Jurnalis Wanita Hadapi Serangan Peran Ganda

Posted by Nur Inayah

Maret 5, 2021

Jurnalis perempuan semarang, ketika demo hari kartini 2009. Sumber : kompas.id

Semarang – Penelitian mengenai kepemimpinan wanita pada media, menjadi isu yang menarik bagi para dosen komunikasi Fakultas Ilmu Sosial dan Ilmu Politik (FISIP) Undip.

Dosen komunikasi Undip Dr Sunarto bersama sejumlah dosen Komunikasi Undip yang lain, melakukan riset yang melibatkan jurnalis wanita di Kota Semarang, baru-baru ini.

Menurut Sunarto, dukungan kolega dan keluarga sangat menentukan proses kepemimpinan jurnalis wanita. Bahkan, dari penelitian yang dia lakukan, banyak jurnalis wanita menolak posisi pimpinan karena lebih memilih posisi sebagai istri, ibu dan alasan merawat anak. Ini membuktikan, budaya patriarki yang ada di masyarakat seakan menyulitkan wanita untuk masuk di ranah publik.

“Jurnalis wanita dalam posisi sebagai pemimpin tidak bisa menghilangkan entintas dirinya sebagai anak, ibu dan istri,” papar Sunarto yang aktif melakukan riset tentang gender dan media ini.

Dalam melakukan riset mengenai wanita yang menempati jabatan pemimpin pada jabatan-jabatan redaksional di sejumlah media, Sunarto menggunakan pandangan konstruksionisme kritis dengan fenomenologi kritis.

“Wanita jurnalis harus melalui proses kepemimpinan profesional untuk mencapai jenjang karir di institusi masing-masing,” tuturnya.

Staf pengajar Komunikasi Undip lainnya, Dr Nurul Hasfi mengatakan, bahwa dengan kehadiran media alternatif perempuan dapat memberikan ruang yang lebih luas tentang perempuan, sehingga itu akan menimbulkan diskusi publik yang pastinya jarang ditemui pada media mainstream.

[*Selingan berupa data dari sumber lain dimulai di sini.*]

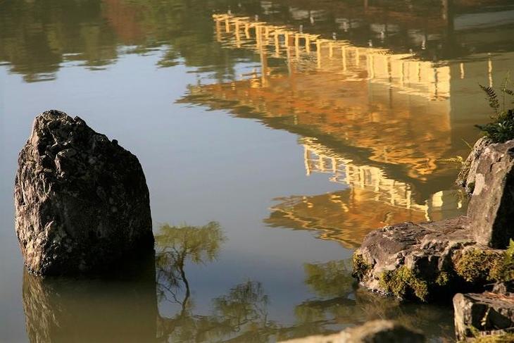金閣寺を映す池は、鏡湖池「きょうこち」。
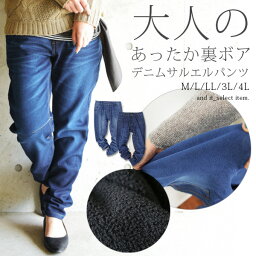 【クーポン利用で2690円!1/6 11:59まで】デニム レディース 裏起毛パンツ 大きいサイズ あったか裏ボアストレッチデニムサルエルパンツ 【M】【L】【LL】【3L】【4L】裏ボア ボトムス 裏起毛 暖かい ボア ジーンズ パンツ デニムパンツ 暖パン 防寒 冬服 【メール便不可】
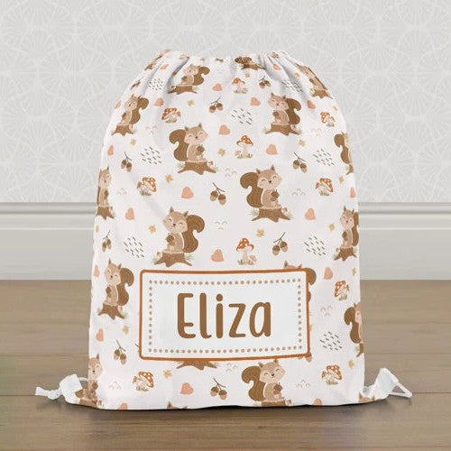 Get this cute personalised Squirrel PE Bag, perfect for your little one’s school and sports adventures! Made with water-resistant fabric, it’s ready for any activity, swimming, football, tennis, and beyond. The vibrant, fun design makes it simple to spot in the school cloakroom. Keep all their essentials organised and ready with this handy drawstring bag, featuring a print on one side, a plain white back, and sturdy chunky strings for easy carrying.
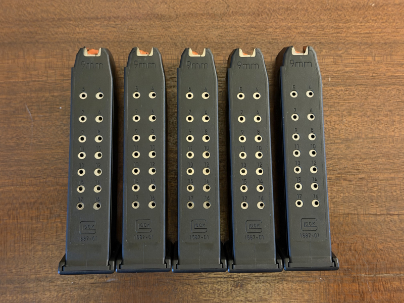 Verkaufe 5 original Glock Magazine (1587-01). Magazine sind für 9mm Munition und fassen 17 Schuss (ideal für IPSC). Magazin sollte in Glock 17, 17L, 34 und 19, 26, 49 passen. Ich selbst hatte sie in einer umgebauten Glock 22 (von 40SW auf 9mm umgebaut). Die Magazine sind fast wie neu und ohne Gebrauchsspuren. Da Privatverkauf: keine Garantie, keine Rücknahme, keine Gewährleistung.
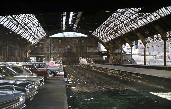 Looking north at Liverpool Central station from the southern end of platform 2 in 1971. The western side of the station had become a car park. Although the station appears to be closed to rail traffic it was in fact still open but had only one rail served platform.

Meskipun demikian, bukan berarti alternatif media tanpa tantangan. Jurnalis wanita kerap menghadapi berbagai hambatan dalam mendukung kepemimpinannya. Antara lain, peran ganda sebagai pekerja di kantor dan juga menjadi istri dan seorang ibu.

Namun demikian, Nurul mengingatkan sifat wanita yang mengayomi, multitasking, karena harus punya tanggung jawab sebagai ibu dan istri akan menjadikan industri media yang dipimpinnya penuh empati.

Dosen komunikasi yang lain Amida Yusriana menambahkan, data tahun 2014 menunjukkan bahwa perempuan masih diidentikan dengan urusan rumah tangga dan membesarkan anak. Menurutnya, dalam industri media, jurnalis perempuan berjuang untuk menyeimbangkan pekerjaan dan tugas rumah tangga. “Ini tidak lepas dari panjangnya waktu kerja jurnalis,” katanya.

Penelitian yang dilaksanakan sebagai bagian dari pengabdian masyarakat ini, dilaksanakan melalui diskusi daring dan melibatkan sejumlah jurnalis wanita di Kota Semarang. Para jurnalis wanita berbagi pengalaman terkait lingkungan kerja dan budaya kerja serta proses kepemimpinan yang harus mereka lalui.